Dans la République du bonheur de Martin Crimp est une pièce grinçante sur la famille et la société contemporaines. L'adaptation qu'en a faite Christian Lapointe est dans le ton, sans verser dans la charge dévastatrice.

C'est Noël. Tino Rossi chante. Une famille se déchire devant nous, entre la piscine gonflable, le bar et la toilette chimique.

La première partie du texte du Britannique Martin Crimp dévoile toute la haine qui couve entre les grands-parents, les parents, les enfants, ainsi que l'oncle et la tante d'une famille vivant dans le kitsch jusqu'au bout des doigts et fière de le faire.

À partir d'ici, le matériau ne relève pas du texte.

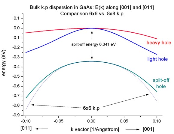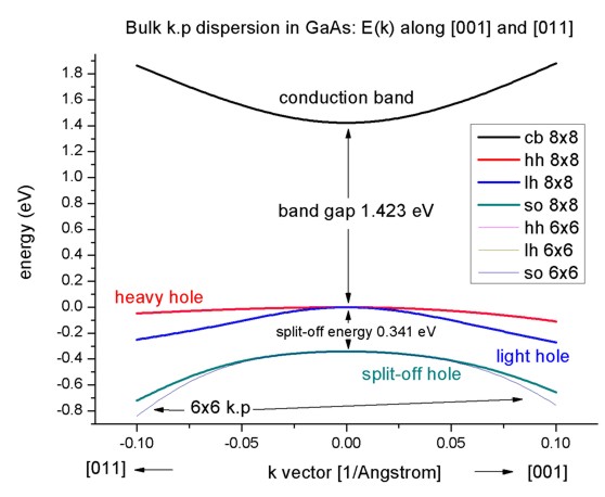 • If one zooms into the holes and compares 6-band vs. 8-band k.p, one can see that 6-band and 8-band coincide for |k| < 1.0 nm-1 for the heavy and light hole but differ for the split-off hole at larger |k| values.
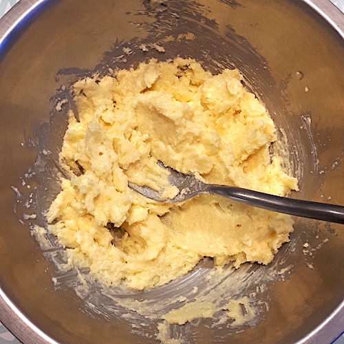 5.Dans un grand bol, battre le beurre et le sucre pour les rendre crémeux.
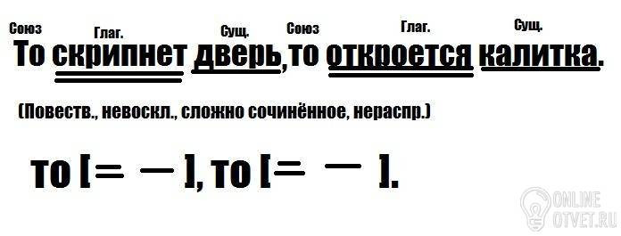 Синтаксический разбор предложения. То скрипнет дверь то откроется калитка

Par la suite, la pièce prend des allures de messe avec récitatifs et musique à gogo, faisant l'autopsie d'une recherche de bonheur aussi illusoire que factice. Un bonheur mis au monde avec les forceps du plastique et de la porno, de l'internet et de la morale Walmart, mais loin de la politique, évidemment pourrie.

Dans cette séquence, les personnages récitent plus qu'ils n'échangent un texte. Celui-ci porte sur la liberté et le bonheur, disons-le, d'être con, et il peut être l'apanage de n'importe lequel des huit d'entre eux.

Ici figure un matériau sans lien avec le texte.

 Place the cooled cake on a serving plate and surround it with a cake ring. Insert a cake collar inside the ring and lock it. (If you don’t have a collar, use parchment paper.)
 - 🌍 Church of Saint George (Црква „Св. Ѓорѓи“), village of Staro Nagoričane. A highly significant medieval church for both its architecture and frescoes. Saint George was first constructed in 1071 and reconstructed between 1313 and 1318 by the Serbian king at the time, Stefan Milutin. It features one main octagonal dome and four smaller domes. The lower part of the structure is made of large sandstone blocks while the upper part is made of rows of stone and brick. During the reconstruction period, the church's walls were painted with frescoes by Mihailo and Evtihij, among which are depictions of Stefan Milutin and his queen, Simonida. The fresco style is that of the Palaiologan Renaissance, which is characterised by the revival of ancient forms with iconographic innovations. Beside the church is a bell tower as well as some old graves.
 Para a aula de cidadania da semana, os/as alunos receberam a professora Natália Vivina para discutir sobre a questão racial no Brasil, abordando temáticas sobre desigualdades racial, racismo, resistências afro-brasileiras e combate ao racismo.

Christian Lapointe nous montre, avec des chansons, des vidéos et des Barbie, un grand magasin où tout peut être bradé pour peu qu'on écarte les jambes ou que l'on étire au maximum l'élastique d'une morale bidon.

Distanciation extrême

Dans la dernière partie, les superbes Ève Landry et David Giguère finissent cette entreprise de démolition en triturant ce qui reste de leur couple, engoncé dans l'hypocrisie, la manipulation et le mépris.

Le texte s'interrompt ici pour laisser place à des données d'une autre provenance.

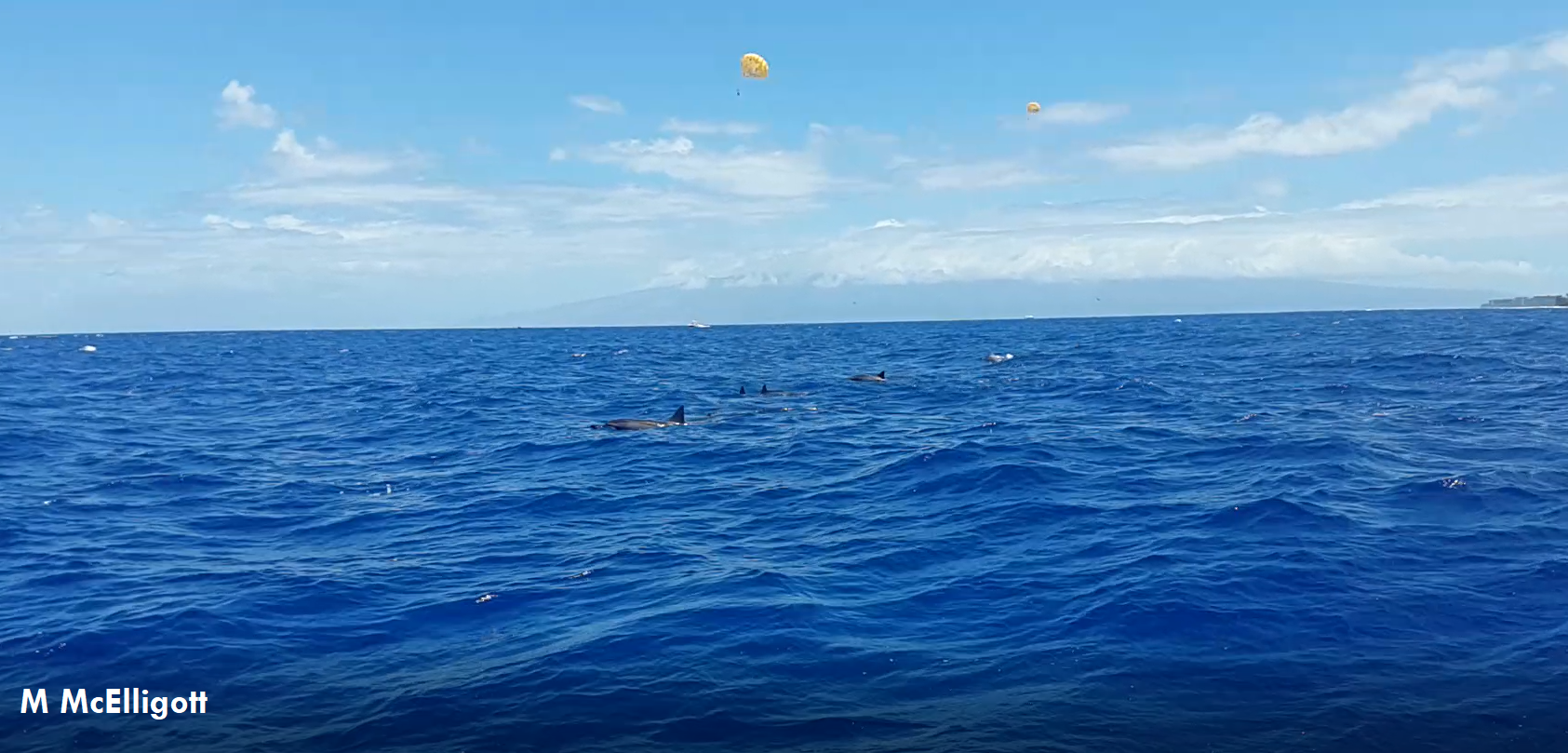 The downside of this daily routine is that it places dolphins in close proximity to human activity that can interrupt their rest. Cumulative effects of vessel traffic and swim-with-dolphin tours can reduce their foraging success at night (Courbis & Timmel, 2009; Heenehan et al., 2016a, 2016b; Danil et al., 2005). My research aims to identify areas throughout the Main Hawaiian Islands that are important resting areas for spinner dolphins. This knowledge can inform management of areas where human interactions with dolphins should be monitored to ensure harassment doesn’t occur during the day, so that dolphins can get enough rest to hunt successfully at night.

Le langage est cru, tous les orifices du corps sont évoqués, encore et plus, l'humour est tour à tour absurde, gras, jaune...

Les chansons, vidéos et micros qu'utilisent parfois les personnages sont destinés à donner du recul aux spectateurs face à cette réalité déjantée, décalée et déprimée. Un peu trop, à notre humble avis. Ces objets de mise en scène viennent malheureusement briser un rythme qui est celui, au fond, d'une descente aux enfers.

Martin Crimp a écrit une pièce cynique, radicale, voire nihiliste, d'une cruauté presque intolérable. Cette oeuvre exige des trésors d'interprétation et de mise en scène. Christian Lapointe et sa troupe relèvent le défi, mais il semble qu'ils aient hésité un brin devant la possibilité d'aller véritablement jusqu'au bout de la nuit.

À la Cinquième Salle de la Place des Arts, jusqu'au 28 février.